# Expected but Unexpected



## BluMagic (Sep 23, 2007)

Pedigree

Rowdy Who Horse Pedigree


----------



## morganshow11 (Dec 19, 2008)

are you thinking of buying him??


----------



## BluMagic (Sep 23, 2007)

I don't want to buy him if he is going to be permanentaly lame. If he gets better...I really want to consider it. He is so gentle. And trained very well. My friend wants to get rid of him immediately because she has too many animals. But I'm not sure if I can sale Boo in time or at all.


----------



## mayfieldk (Mar 5, 2008)

He's probably really gentle because he's underweight/lame. Most horses, when they put on a lot of weight, turn into fire-breathing dragons. If 'gentle' is the reason you like him... I would think of getting a different horse.


----------



## BluMagic (Sep 23, 2007)

Gentle is only one of multiple reasons.

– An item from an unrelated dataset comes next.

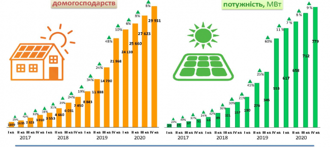21 01 2021Станом на кінець 2020 року в Україні налічується більше 29900 сімей, які встановили сонячні панелі. Їхня загальна потужність сягає 780 МВт.

I think the colder weather is making his pain a little worse but I can never be sure. Blu was very gentle when I got him and still is. 

I also really want to jump and ride English along with riding Western and riding at Gymkhanas. 

Its so difficult for me to explain. If I do sound 'not very smart' let me know.


----------



## 1dog3cats17rodents (Dec 7, 2007)

mayfieldk said:


> He's probably really gentle because he's underweight/lame. Most horses, when they put on a lot of weight, turn into fire-breathing dragons. If 'gentle' is the reason you like him... I would think of getting a different horse.


I second this. My horse was so sweet and calm, when he came he even had to go with the ponies because the big boys were to rough. Once he put on some weight, he's now a hot headed high energy horse who is the top horse in the big boy pasture


----------



## BluMagic (Sep 23, 2007)

I don't deny the fact that a horse's disposition changes after going through times like this. Blu's did. 

I really want to chance this boy because I feel that life is about taking risks(meaning good and bad) to be happy, succesful, etc.

I called my friend and I think she's going to have a vet come out. Plus, she is going to talk to a previous owner that knows about this gelding. 

I told her I would like to be one of the 1st to know what she finds out. So hopefully I will be able to tell you guys more sometime this week. 

All I can say now is that I'm afraid to invest in a horse I can't depend on. I'm so eager to find out the truth because I've had 1st hand experience with a horse in a trailer accident and he won't load. But this horse loaded without problem. 

If anyone has noticed in the pictures, he has a big scar on his right front leg. This makes me very curious...


----------



## shmurmer4 (Dec 27, 2008)

no critique, hope for the best with this animal.


----------



## FGRanch (Feb 9, 2008)

He is sickle hawked, but that could look worse that what it normally would becasue he is under weight and in pain. I hope he recovers well. He has an adorable face.


----------



## brittany (Nov 9, 2008)

What is sickle hock?  sorry I need to learn any and everything I can, I hope to become a vet


----------



## KatieStanley (May 16, 2008)

Did your friend just recently aquire this horse or has she had him from some time? I ask this because the horse is incredibly underweight (I know that you know this)...but if your friend allowed this guy to look like this....:?


----------



## my2geldings (Feb 18, 2008)

Oh poor animal :? it would be a case where I would buy him to put him out of his misery. What's your update on that poor boy?


----------



## BluMagic (Sep 23, 2007)

My friend has had fim for about a week now. Believe it or not, he's gained weight. 

I haven't heard much on him yet. I'm really anxious to hear what his previous owner says...

Thanks for the input everyone!

(btw...He's not sickle-hocked that I noticed but he does rock back on his hindquarters to balance out while he's eating. That front end is really hurting him.)


----------